첫 번째 에이전틱 AI 만들기: MCP + Ollama 툴 호출 완전 가이드

발행: 2시간 전 (2025년 12월 12일 오후 06:54 GMT+9)

9 min read

원문: Dev.to

Source: Dev.to

소개

AI 에이전트를 구축하는 방법을 배워보세요. 도구를 사용하고, 결정을 내리며, 행동을 취할 수 있는 에이전트를 로컬 머신에서 실행할 수 있습니다.

배경

Ollama – 로컬 AI 모델 런타임 (AI용 Docker와 유사).
Tool calling – LLM이 함수가 필요함을 인식하고, 적절한 도구를 선택해 올바른 매개변수를 전달하고, 결과를 해석하도록 합니다.
MCP (Model‑Connector‑Protocol) – LLM이 도구와 데이터 소스에 연결되는 표준화된 방법 (AI용 USB‑C라고 생각하면 됩니다). FastMCP는 MCP 서버 구축을 간소화하는 파이썬 라이브러리입니다.

아키텍처

┌─────────────────────────────────────────────────────────────┐
│                    YOUR COMPUTER                            │
│                                                             │
│  ┌──────────────┐    ┌──────────────┐    ┌──────────────┐ │
│  │   Ollama     │◄──►│   Python     │◄──►│   FastMCP    │ │
│  │ (AI Brain)  │    │   Client     │    │   Server     │ │
│  └──────────────┘    └──────────────┘    └──────────────┘ │
│                                                             │
└─────────────────────────────────────────────────────────────┘

흐름

질문을 입력합니다.
파이썬 클라이언트가 사용 가능한 도구 목록과 함께 Ollama에 전송합니다.
Ollama가 도구가 필요한지 판단합니다.
클라이언트가 FastMCP를 통해 도구를 호출합니다.
결과가 Ollama에 다시 전달됩니다.
Ollama가 최종 답변을 생성합니다.

Ollama 설정

Linux

curl -fsSL https://ollama.ai/install.sh | sh

macOS

brew install ollama

Windows

Download from and run ollama --version.
You should see something like ollama version 0.1.x. Then start the server:

ollama serve

Keep this terminal open.

도구 호출을 지원하는 모델 다운로드

ollama pull llama3.2   # ~2 GB download
ollama run llama3.2

테스트:

>>> Hello! Who are you?
I'm Llama 3.2, an AI assistant...

>>> /bye

모델 지원 표

Model	Size	Speed	Best For
llama3.2	3 GB	Fast	Recommended for this tutorial
llama3.1	5 GB	Medium	More accurate responses
mistral	4 GB	Fast	Good general purpose
qwen2.5	4 GB	Fast	Multilingual support

도구를 지원하지 않는 모델

Model	Why Not?
codellama	Built only for code generation
llama2	Older architecture, no tool support
phi	Too small for complex tool reasoning

사용하려고 하면 Error: does not support tools (status code: 400) 오류가 발생합니다.

프로젝트 설정

mkdir mcp-ollama-tutorial
cd mcp-ollama-tutorial

# Virtual environment
python -m venv myenv
source myenv/bin/activate   # Linux/macOS
# myenv\Scripts\activate      # Windows

pip install fastmcp ollama requests
python -c "import fastmcp, ollama, requests; print('✅ All packages installed!')"

MCP 서버 구축

mcp_server.py 파일을 만들고:

# mcp_server.py
from fastmcp import FastMCP

mcp = FastMCP("My First MCP Server")

@mcp.tool()
def add(a: int, b: int) -> int:
    """Add two numbers together"""
    return a + b

@mcp.tool()
def greet(name: str) -> str:
    """Greet someone by name"""
    return f"Hello, {name}! Welcome!"

@mcp.tool()
def multiply(a: float, b: float) -> float:
    """Multiply two numbers"""
    return a * b

@mcp.tool()
def get_time() -> str:
    """Get the current time"""
    from datetime import datetime
    return datetime.now().strftime("%I:%M %p")

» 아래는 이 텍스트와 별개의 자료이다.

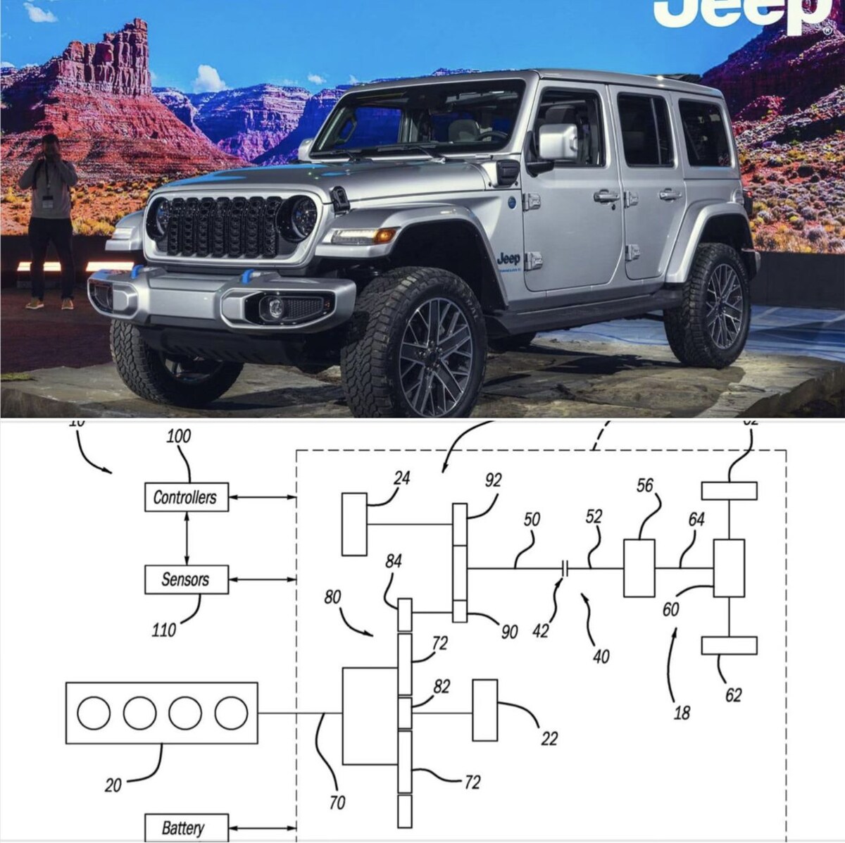 Наиболее интересной версией Jeep Wrangler сейчас является гибридная. Почему? Всё просто: А вот гибридный плагин с его 380 л.с. становится золотой серединой. Мощности достаточно, чтобы уверенно чувствовать себя и на трассе, и на бездорожье. Масса сопоставима с версией на V8 из-за батареи, но за счёт грамотной развесовки — батарея расположена в центре базы — гибрид не "клюёт" носом на сложных участках. Wrangler гибридной версии скоро получит ещё одну фишку, которая делает его ещё интереснее. Stellantis Group (владельцы Jeep) недавно запатентовали уникальную систему для гибридов: Теперь пониженную передачу в раздатке можно включать прямо на ходу. На бездорожье возможность подтыкать понижайку на ходу — огромное преимущество. В сложных условиях, где каждое переключение может сэкономить время и сохранить ход машины, такая система будет очень кстати. Теперь водители смогут: Эта технология действительно может стать революцией для гибридного Wrangler и вывести его на новый уровень в сегменте вн

if __name__ == "__main__":
    mcp.run(transport="sse", port=8080)

서버 실행:

python mcp_server.py

다음과 같은 메시지가 표시됩니다:

INFO:     Started server process
INFO:     Uvicorn running on http://127.0.0.1:8080
✅ Checkpoint: Your tool server is running!

이 터미널을 열어 둡니다.

클라이언트 구축

client_ollama.py 파일을 만들고:

# client_ollama.py
import json
import ollama
from fastmcp import Client as MCPClient
import asyncio

OLLAMA_MODEL = "llama3.2"
MCP_SERVER_URL = "http://127.0.0.1:8080/mcp"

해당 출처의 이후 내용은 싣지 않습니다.